Should I just wrap everything? Or should I double-write everything?
Ami about 15 years

Thanks. I'm just concerned about having to read every byte with .get(i) instead of [i], since .get(i) involves a method call whereas [i] is done in the bytecode.
Stu Thompson about 15 years

That seems like an awfully "fine grained" performance concern, and smells like premature optimization to me. The JVM is good about stuff like this. Benchmark it to prove it to yourself one way or the other.
BoraKurucu about 15 years

Correct me if I am wrong. You are looking for fast way of doing I/O operations. Correct??
Ami about 15 years

Actually, I'm just looking for fast ways of doing I, but I'm also looking for ways of processing the buffers with the minimum amount of buffer copies.
Stu Thompson about 15 years

Do you have benchmarks showing a performance penalty because of the method call above? I cannot imagine it being more than minor, and would think there would be other areas more ripe for tuning.
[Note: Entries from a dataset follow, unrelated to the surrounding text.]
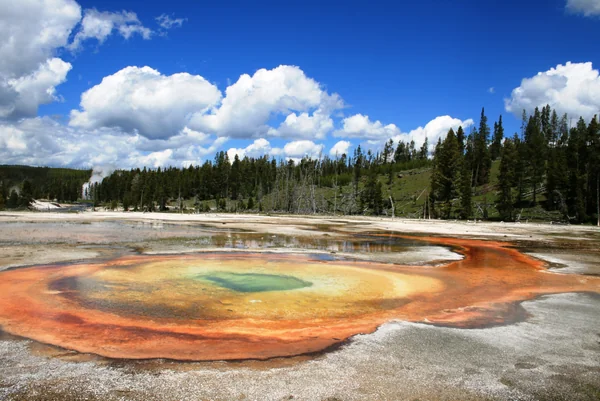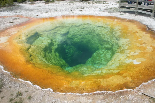 間欠泉で有名な、イエローストーン国立公園 Yellow stone national park 美し過ぎる自然美。鮮やかな虹色に染まる温泉。 このカラフルな色は、温度によって色が変わる好熱性のバクテリアたちによるものらしい。 本当に自然はアートだ。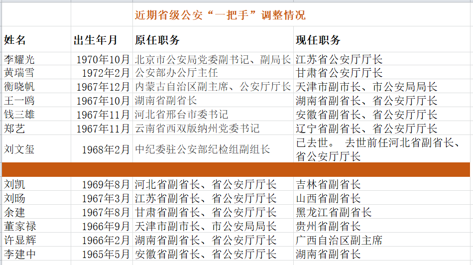 经过这轮调整,已有7个省份产生了新的公安厅(局)长,其中包括两名“70后”,均长期任职于公安系统。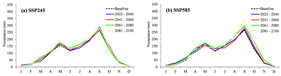According to the comparison between the four periods of time and the BL year, the average monthly runoff in the SSP585 scenario between 2061–2100 would be higher than the SSP245 scenario and the BL year, particularly in terms of the maximum in October, lasting until the end of rainy season, and the dry season from December to June of the next year. For this reason, it could be described that the future average monthly runoff at the outlet point from the QSWAT would be close to the BL year during the period of 2023–2060, and it would be higher during the period of 2061–2100, particularly in the SSP585 scenario, as mentioned previously. In addition, the result also displayed periods of change in the maximum runoff in at least one month, and it was consistently high at the end of the rainy season until the dry season of the next year. This change would influence operational plans for the improvement of water resource management for flood control or water storage for drought periods [61,62].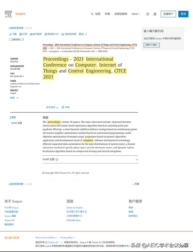 CITCE 2021已于2021年11月12日-11月14日成功举办,并完成检索。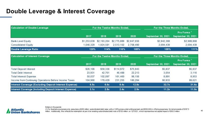 39 Source: KBRA – “Atlantic Union Bankshares Corporation Surveillance Report” published 11/22/21 Note: Ratings last affirmed 11/22/21 Note: An explanation of the significance of ratings may be obtained from the rating agency. Generally, rating agencies base their rati ngs on such material and information, and such of their own investigations, studies and assumptions, as they deem appropriate. The rating of the subordinated notes should be evaluat ed independently from similar ratings of other securities. A credit rating of a security is not a recommendation to buy, sell or hold securities and may be subject to review, revision, s usp ension, reduction or withdrawal at any time by the assigning rating agency. No report of any rating agency is incorporated by reference herein. Kroll Bond Rating Agency Summary Kroll Bond Rating Agency Ratings Summary Outlook Positive Atlantic Union Bankshares Corporation Rating Senior Unsecured Debt BBB+ Subordinated Debt BBB Short-Term Debt K2 Atlantic Union Bank Rating Deposits A- Senior Unsecured Debt A- Subordinated Debt BBB+ Short-Term Deposit K2 Short-Term Debt K2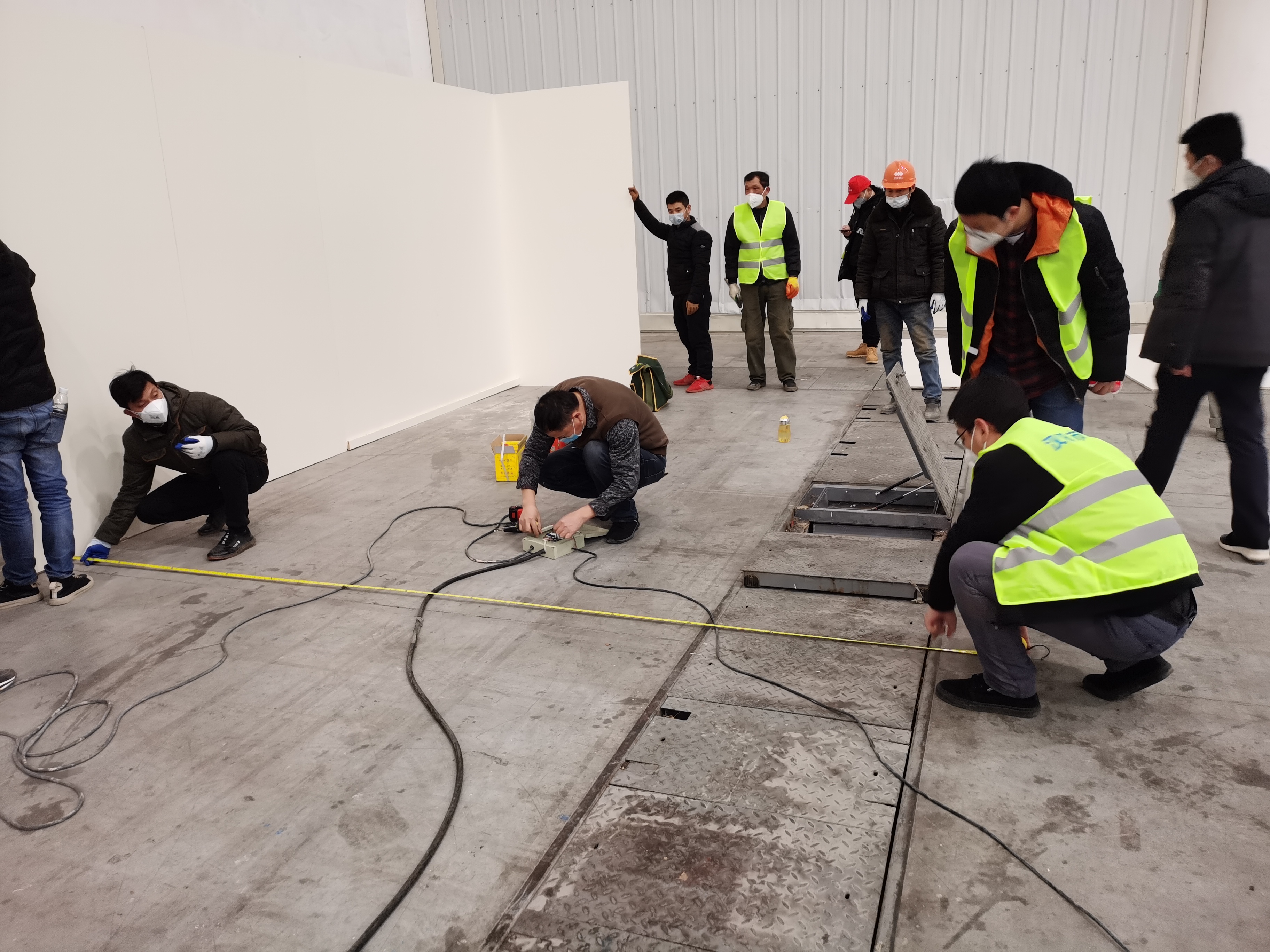 刚结束火神山医院的20余名安装工人就位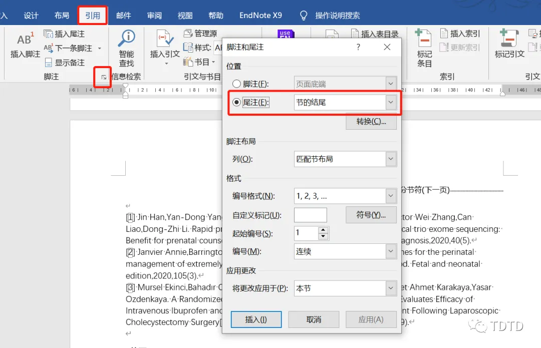 由于尾注默认是在文档的最后,但是我们知道参考文献后面还有附录和致谢,为了让参考文献的标题和文献连在一起,我们需要在”参考文献”后插入一个分节符,并将尾注的格式应用于节的结尾。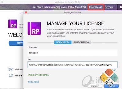2.打开应用程序中的“Axure RP 8.app”,点击“Enter license”弹出注册框;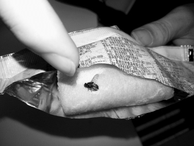 ????8月21日,市民陳女士反映:她從家附近的超市里買(mǎi)了一袋達(dá)利園瑞士卷蛋糕,其中一個(gè)蛋糕中竟有一只蒼蠅。

Taking a scientific approach to these things trumps all. Hmmm...might investigate over the weekend just for fun! :)
Stu Thompson about 15 years

Also, I have to ask, what version of Java are you using? Each major release has seen considerable improvements in JVM performance. If your task is that performance sensitive, you should be on Java 6.
Ami almost 15 years

I agree. It sucks. I can't believe that ByteBuffer doesn't implement array(). On the other hand, we did some performance tests, and we found that it's sometimes faster to use .get() with a memory-mapped file than to use programmed-io, and it's sometimes faster to use programmed-io. It's very weird. But there is more variance on programmed-io than on memory-mapped files.
Vishy over 12 years

A byte[] has to be on the heap. A memory mapped block of memory has to be outside the heap. It would be nice if the distinction were transparent, but I prefer to use the getLong/putLong method of a ByteBuffer anyway (these are much faster with using native ordering)
dma_k about 12 years

@GauravSaini: Do you refer DeferredOutputStream from Apache commons-io? I can't find such class in Javadoc for v2.3 & v2.2.